The report, lauded by Mayor Locher, sparked outrage in Cleveland’s Black community. Its findings were quickly refuted by both federal and community sponsored investigations into the unrest. No evidence was found to corroborate the jury’s findings that Communist agitators were responsible for inciting or propelling violence. Instead, a citizen committee organized by the Urban League of Cleveland determined that the city’s disregard of social conditions in Hough “led to frustration and desperation that…finally burst forth in a destructive way.” The committee documented numerous examples of the police exacerbating unrest through use of derogatory slurs and excessive force. These different readings of the uprising in Hough were an ominous predictor of a long and difficult road ahead for efforts to rebuild the neighborhood.
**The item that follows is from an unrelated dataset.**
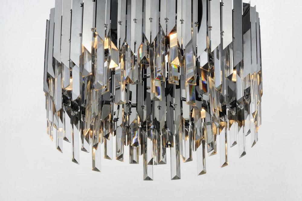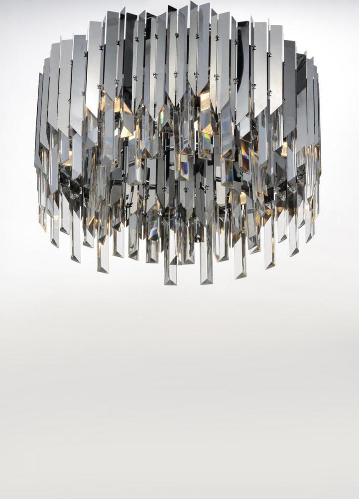 An exquisite collection featuring V-shaped stainless panels that trace a drum shade along cascading rows of Beveled Crystal prisms. The crystal shimmers under the light of replaceable LED reflector lamps. This updated crystal design will be at home in anyw

Despite an influx of federal funds for rehabilitation, the economic and physical condition of Hough did not dramatically improve in the wake of the 1966 uprisings. Social unrest, accompanied by widespread looting and arson, would revisit the area during the summer of 1968 following a shootout between police and Black nationalists. The population of Hough rapidly declined as more suburbs slowly began to open up to Black residency. Even as overcrowding subsided, the inability of local government to address issues of segregation, racial discrimination, economic and social inequality, neighborhood deterioration, and poor police-community relations continued to impact Cleveland’s communities of color. Institutionalized policies and practices that reinforced the underlying causes of the 1966 Hough uprisings had been inscribed into the landscape, and would continue to guide the trajectory of Cleveland’s development over the proceeding decades.